Paul Reville is the Francis Keppel Professor of Practice of Educational Policy and Administration at the Harvard Graduate School of Education (HGSE). He is the founding director of HGSE's EdRedesign Lab. In 2013, he served nearly half a decade as the Secretary of Education for the Commonwealth of Massachusetts. As Governor Patrick's top education adviser, Reville established a new Executive Office of Education and oversaw higher education, K-12, and early education in the nation's leading student achievement state. He served in the Governor's Cabinet and played a leading education reform role on matters ranging from the Achievement Gap Act of 2010 and Common Core State Standards to the Commonwealth's highly successful Race to the Top proposal.

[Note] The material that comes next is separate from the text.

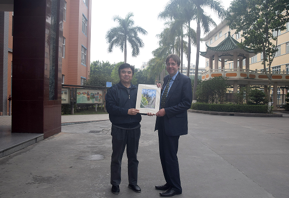 会上,双方讨论了学生项目、教师互访、学术交流,探讨在教学领域合作的模式和方法。双方交谈愉快,John Anchor教授还向天河学院赠送哈德斯菲尔德大学风景油画。

Before joining the Patrick Administration, Reville chaired the Massachusetts State Board of Education, founded the Rennie Center for Education Research and Policy, co-founded the Massachusetts Business Alliance for Education (MBAE), chaired the Massachusetts Reform Review Commission, chaired the Massachusetts Commission on Time and Learning, and served as executive director of the Pew Forum on Standards-Based Reform, a national think tank which convened the U.S.'s leading researchers, practitioners, and policymakers to set the national standards agenda. Reville played a central role in MBAE's development of and advocacy for Massachusetts historic Education Reform Act of 1993. Reville has been a member of the HGSE faculty since 1997 and has served as director of the Education Policy and Management Program.

Reville's career, which combines research, policy, and practice, began with service as a VISTA volunteer/youth worker. He was a teacher and principal of two urban, alternative high schools. Some years later, he founded a local education foundation, which was part of the Public Education Network. He is a board member and adviser to various organizations, including BELL, Match Education, Bellwether, City Year Boston, Harvard Medical School's MEDscience and others. He is a frequent writer and speaker on education reform and policy issues. He is also the educator commentator, Boston Public Radio, WGBH. Paul Reville holds a Bachelor of Arts from Colorado College and a Master of Arts from Stanford University, along with five honorary doctorate degrees.

== Associations ==

- Chair, Massachusetts Board of Education, Commonwealth of Massachusetts,(2002-2008)
- Secretary of Education, Commonwealth of Massachusetts,(2008-2013)
- WGBH, Bi-weekly Commentator, Boston Public Radio
- National Education Association (NEA) Foundation, Senior Fellow
- Boston Public Schools Superintendent Tommy Chang's Transition Team, Member
- Massachusetts Foundation Budget Review Commission, Gubernatorial Appointee
- Bellwether, Board of Directors, Member
- BELL, Chair, Massachusetts Leadership Council
- Rennie Center for Research and Policy, Board Member
- MedScience, Harvard Medical School, Board Chair
- Boston After School and Beyond, Board Member
- PEAR, Harvard Medical School, National Advisory Council, Member
- Massachusetts Business Alliance for Education, Honorary Board Member
- National Center on Time and Learning, Chair, National Advisory Council
- Wheelock College, Corporator
- Debate Mate, Board Member
- Massachusetts Department of Elementary & Secondary Education and the Institute of Research, Advisory Committee on District & School Accountability
- College for Social Innovation, Advisory Board
- Enterprise Cities, Babson Global Inc., Academic Advisory Council, Member
- New Profit, Reimagine Education, Domain Member

== Criticism==

During his tenure as Massachusetts Secretary of Education, Reville faced calls for resignation over his promotion of charter schools. By contrast, Reville himself has criticized the prevalence of for-profit charter schools in Michigan in 2016.